Periodic Reporting for period 3 - VIVALDI (Preventing and mitigating farmed bivalve diseases)
Période du rapport: 2019-03-01 au 2020-02-29
The European shellfish industry is a major contributor to global production of marine bivalves and has a significant social impact. Since 2008, massive mortality outbreaks in Pacific oyster spat have been reported, attributed to the oyster herpesvirus OsHV-1. More recently, increased mortality has been reported in adult Pacific oysters, associated with Vibrio aestuarianus and among blue mussels with the detection of V. splendidus. Similarly, the Brown Ring Disease caused by V. tapetis and Perkinsosis have a significant impact on the production of clams. In Spain, the parasite Marteilia cochillia has contributed to the collapse of cockle fishery since 2012. Disease management methods rely, among others, on preventive measures, which are regulated at EU level.
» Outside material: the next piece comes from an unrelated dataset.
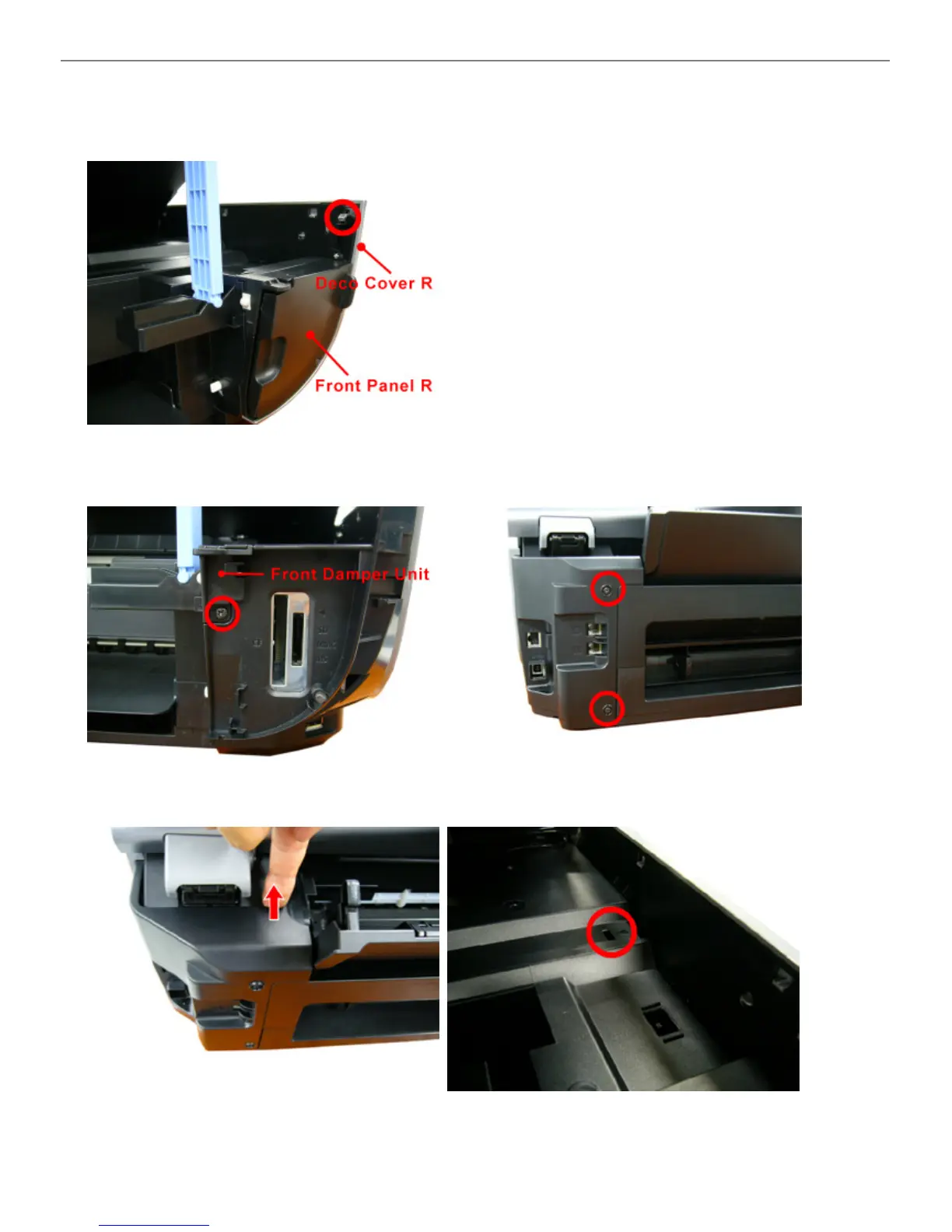 1) Release the hook in the red circle in the photo, and remove the deco cover R.

VIVALDI has brought new knowledge on the interactions between shellfish, environment and pathogens and has developed practical tools and approaches aimed at better preventing and controlling diseases in the main European shellfish species. These species include oysters (Crassostrea gigas and Ostrea edulis), mussels (Mytilus edulis and M. galloprovincialis), clams (Ruditapes philippinarum) and scallops (Pecten maximus). The project has addressed the most harmful pathogens affecting these species: the virus Ostreid herpesvirus 1 (OsHV-1), Vibrio species including V. aestuarianus, V. splendidus and V. tapetis, as well as micro- eukaryotes such as the parasites Perkinsus olseni, Marteilia refringens, and Bonamia ostreae.
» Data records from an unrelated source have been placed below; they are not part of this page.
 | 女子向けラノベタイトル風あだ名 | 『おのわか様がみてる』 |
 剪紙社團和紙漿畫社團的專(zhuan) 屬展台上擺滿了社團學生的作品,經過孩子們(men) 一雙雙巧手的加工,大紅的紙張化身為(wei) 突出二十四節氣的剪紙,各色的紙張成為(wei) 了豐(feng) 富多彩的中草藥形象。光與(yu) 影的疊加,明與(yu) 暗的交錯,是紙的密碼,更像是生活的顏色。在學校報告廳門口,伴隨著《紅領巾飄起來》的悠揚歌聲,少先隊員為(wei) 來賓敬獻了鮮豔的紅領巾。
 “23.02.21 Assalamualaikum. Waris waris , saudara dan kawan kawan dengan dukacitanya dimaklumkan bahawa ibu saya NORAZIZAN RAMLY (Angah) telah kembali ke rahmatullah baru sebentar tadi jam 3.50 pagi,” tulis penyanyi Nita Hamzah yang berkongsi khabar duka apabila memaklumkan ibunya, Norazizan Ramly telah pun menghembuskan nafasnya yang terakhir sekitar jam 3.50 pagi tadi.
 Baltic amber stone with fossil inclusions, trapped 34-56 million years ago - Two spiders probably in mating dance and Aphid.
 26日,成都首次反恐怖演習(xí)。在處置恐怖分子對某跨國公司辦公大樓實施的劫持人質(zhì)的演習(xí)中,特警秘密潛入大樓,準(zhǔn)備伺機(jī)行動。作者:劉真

VIVALDI has brought new knowledge on the interactions between shellfish, environment and pathogens and has developed practical tools and approaches aimed at better preventing and controlling diseases in the main European shellfish species. These species include oysters (Crassostrea gigas and Ostrea edulis), mussels (Mytilus edulis and M. galloprovincialis), clams (Ruditapes philippinarum) and scallops (Pecten maximus). The project has addressed the most harmful pathogens affecting these species: the virus Ostreid herpesvirus 1 (OsHV-1), Vibrio species including V. aestuarianus, V. splendidus and V. tapetis, as well as micro- eukaryotes such as the parasites Perkinsus olseni, Marteilia refringens, and Bonamia ostreae.
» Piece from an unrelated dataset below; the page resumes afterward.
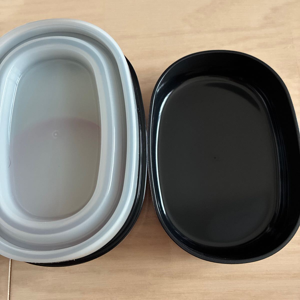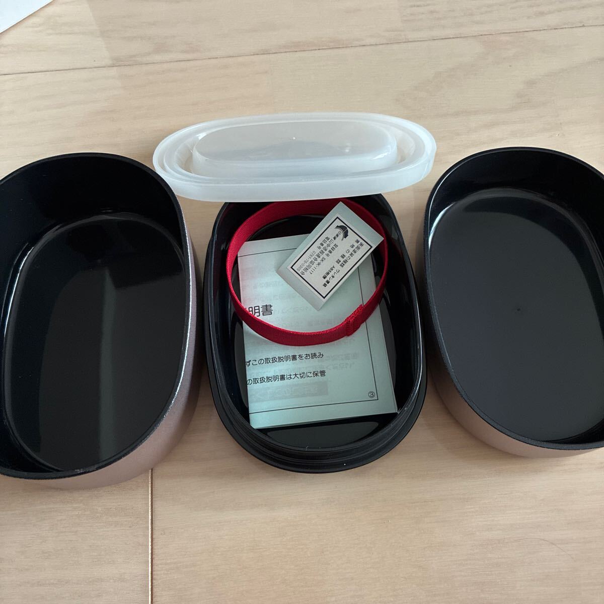 いただいたまま箱での保管です。長期保管品のため、箱等は時代汚れがあります。箱の大きさは、約15×9cm、高さは約10.5cmです。見た感じはアルミの弁当箱のように見えますが、漆器だそうです。

Pathogen diversity and lifecycles:
- Investigations on oyster pathogens’ genomes show that the virus OsHV-1 is evolving via animal transfers and depending on host speciesr;
- Differences in the virulence of the bacteria Vibrio aestuarianus have been revealed;
- Next Generation Sequencing has allowed us to characterise new pathogens and revealed the presence of micro-eukaryotes such as haplosporidians and mikrocytids in bivalve and environmental samples;
- The creation of a MALDI-TOF MS database will allow diagnostic laboratories to rapidly identify bacteria;
- Diagnostic approaches such as passive sensors allow to successfully detect aquatic pathogens in sea water; Magnetic Beads could be used prior to PCR to improve the detection OsHV-1 in aquaculture facilities.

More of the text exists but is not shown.